Let $AD \cap CE = A'$, $DA \cap FB = B'$, and $FB \cap EC = C'$. As $\angle B'AB = 90^{\circ}$ and $FB = FA$, $F$ is the circumcenter of $\triangle ABB'$. Similarly, $E$ is the circumcenter of $\triangle BCC'$ and $D$ is the circumcenter of $\triangle CAA'$. By Miquel's theorem on $\triangle A'B'C'$ with respect to $A$, $B$, and $C$, the circumcircles of $\triangle ABB'$, $\triangle BCC'$, and $\triangle CAA'$ pass through a common point $M$. Any two circles are symmetric about the lines joining their centers, so $[EBF] = [FME]$, $[CDF] = [DMF]$, and $[AED] = [EMD]$. Now, \begin{align*} \frac{DB}{DD'} + \frac{EC}{EE'} + \frac{FA}{FF'} &= 3 + \frac{BD'}{D'D} + \frac{CE'}{E'E} + \frac{AF'}{F'F} \\ &= 3 + \frac{[FEB]}{[FDE]} + \frac{[CDF]}{[DEF]} + \frac{[AED]}{[EFD]} \\ &= 3 + \frac{[FME] + [DMF] + [EMD]}{[EFD]} \\ &= 3 + \frac{[EFD]}{[EFD]} \\ &= 4. \end{align*}

Let the circumcenter be $O$, and WLOG $OA=OB=OC=1$. Now, angle chasing with law of sines yields that $[AED]=\frac {sin(b)sin(c)} {2sin(a)}$ and $[EOD]=\frac {sin(c)sin(a)} {2sin(b)}$. So it follows that $[AED]+[DCF]+[BEF]=[DEF]$. Now, note that $\frac {DB} {DD'}=1+\frac {[BEF]} {[DEF]}$, so the cyclic sum of this is $4$ and we are done.

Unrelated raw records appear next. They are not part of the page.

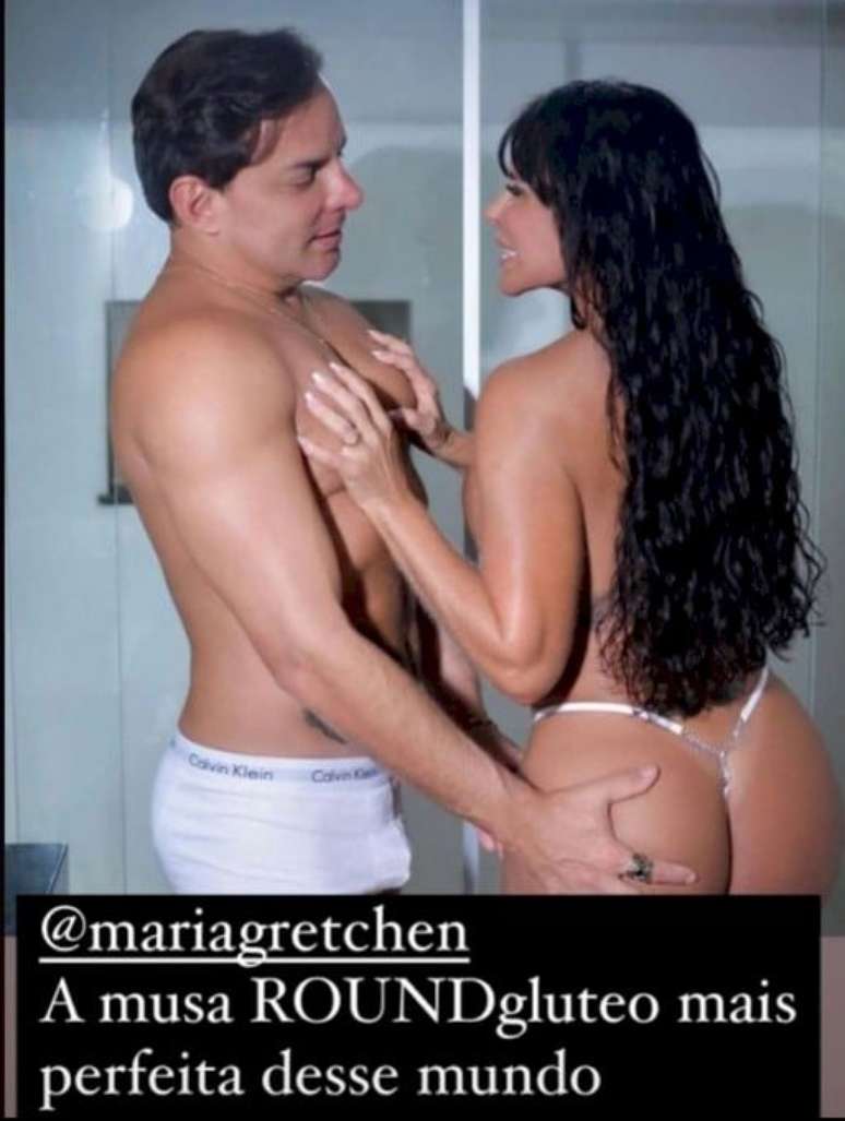 A cantora Gretchen foi clicada de fio dental em uma postagem no Instagram ao lado de seu marido, Esdras de Souza.
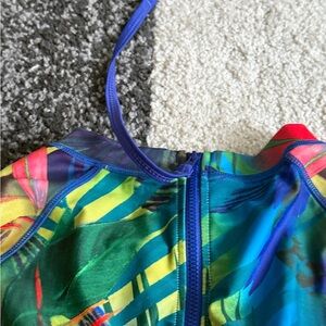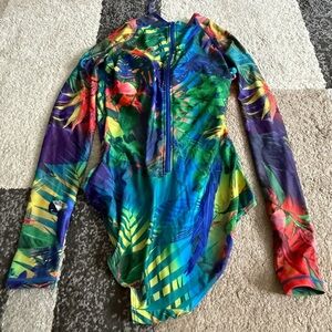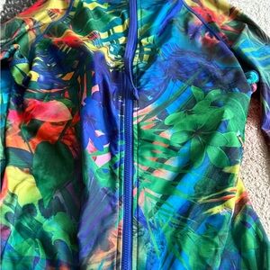 Bright and vibrant women’s one piece swimsuit featuring a tropical design. Perfect for fun in the sun. Zipper back - long sleeve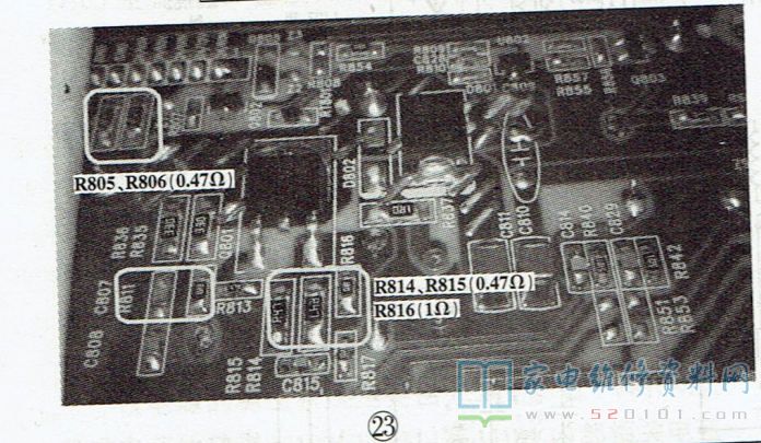 断电检测,发现背光供电电路中的过流检测电阻R805.R806已开路,这说明后级有短路故障。继续检测,发现开关管Q801已击穿,其s极外接电阻R814~R816已开路,如图23所示。

Solution 1: Let $R$ be the circumradius of the triangle and let $K$ be its area. Note that $BE = \frac{a}{2\sin C} = R\frac{a}{c}$, and $\angle FBE=180^\circ -\angle C$, so \[ [BEF] = \frac{1}{2} \left(R\frac{a}{c}\right)\left(R\frac{c}{b}\right)(\sin C)=\frac{R}{4}\cdot \frac{ac}{b}. \]Additionally, it's easy to see \[ [BFC] = \frac{1}{4} a^2 \cot C =\frac{R}{2}\cdot \frac{a^2\cos C}{c} =\frac{R}{4}\cdot \frac{a^4+a^2b^2-a^2c^2}{abc} \]Lemma: \[ 2([ADE]+[BEF]+[CFD])=[ABC]+[BCF]+[CAD]+[ABE] \]Proof: The left hand side is \[ \frac{R}{2abc}(a^2b^2+b^2c^2+c^2a^2)=\frac{1}{8K}\cdot (a^2b^2+b^2c^2+c^2a^2) \]The right hand side is \[ K+\frac{R}{4}\cdot \frac{a^4+b^4+c^4}{abc}=K+\frac{1}{16K}\cdot (a^4+b^4+c^4) \]so their equality follows from \[ 16K^2= 2(a^2b^2+b^2c^2+c^2a^2)-a^4-b^4-c^4. \] Now, from the lemma it follows that \[ [ADE]+[BEF]+[CFD]=[DEF] \]but \[ \frac{DB}{DD'} = 1+\frac{D'B}{DD'} = 1+\frac{[BEF]}{[DEF]} \]so \[ \frac{DB}{DD'}+\frac{EC}{EE'}+\frac{FA}{FF'}=4. \]Solution 2: Consider the circle $\Gamma_D$ centered at $D$ passing through $A$ and $C$; it is tangent to $AB$ at $A$ since $DA\perp AB$. Then $\Gamma_D,\Gamma_E,$ and $\Gamma_F$ concur at the Brocard point $\Omega$. Then $\Omega$ is the reflection of $B$ over $EF$, implying \[ [ADE]+[BEF]+[CFD]=[\Omega DE] +[\Omega EF] +[\Omega FD]=[DEF] \]and we can finish as the last solution.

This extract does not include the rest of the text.